Signed-off-by: Arnd, please.

> --- a/include/linux/backing-dev-defs.h
> +++ b/include/linux/backing-dev-defs.h
> @@ -258,7 +258,7 @@ static inline void wb_get(struct bdi_writeback *wb)
> */
> static inline void wb_put(struct bdi_writeback *wb)
> {
> - if (wb != &wb->bdi->wb)
> + if (!WARN_ON(!wb->bdi) && wb != &wb->bdi->wb)
> percpu_ref_put(&wb->refcnt);
> }

The !WARN_ON(!expr) isn't very easy to follow.

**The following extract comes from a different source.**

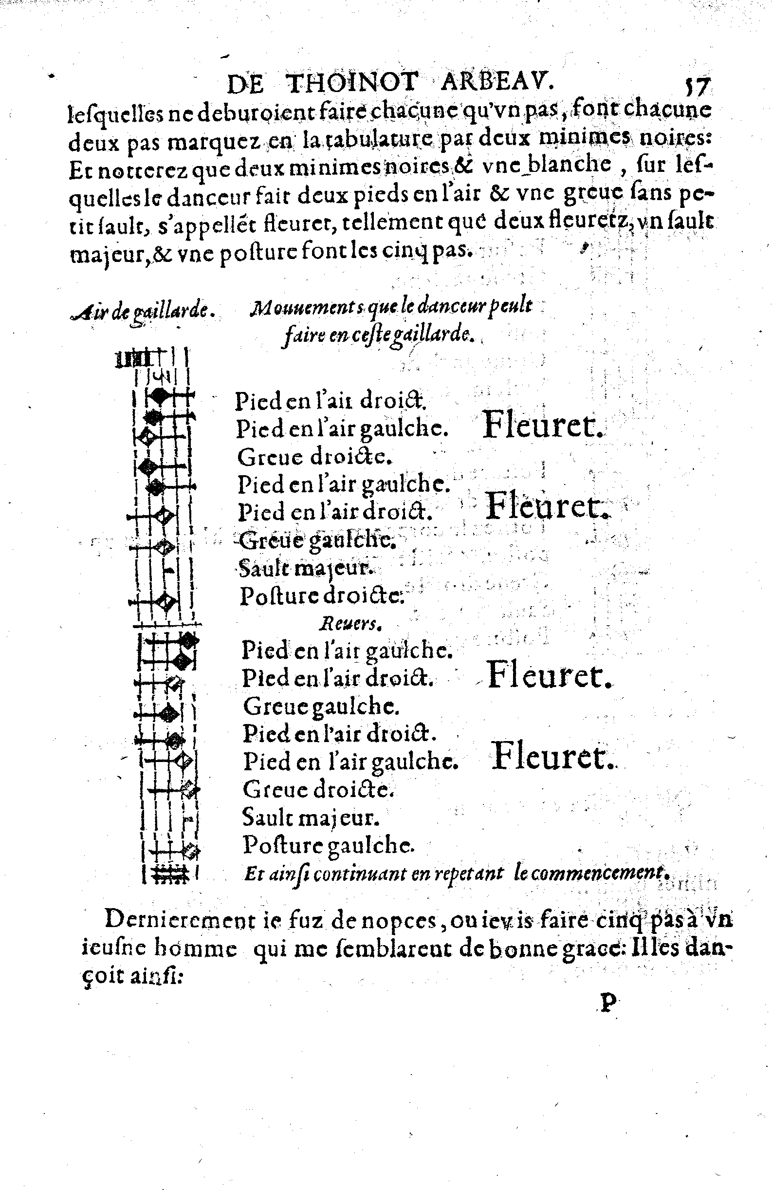 Dernierement je fuz de nopces, ou jevis faire cinq pas à un jeusne homme qui me semblarent de bonne grace: Il les dançoit ainsi:

This:

{
if (WARN_ON_ONCE(!wb->bdi)) {
/*
* Nice comment explaining how this situation comes about
*/
return;
}

if (wb != &wb->bdi->wb)
percpu_ref_put(&wb->refcnt);
}

is better, no?

Also, please note the s/WARN_ON/WARN_ON_ONCE/. I don't think we gain
anything from reporting the same thing many times?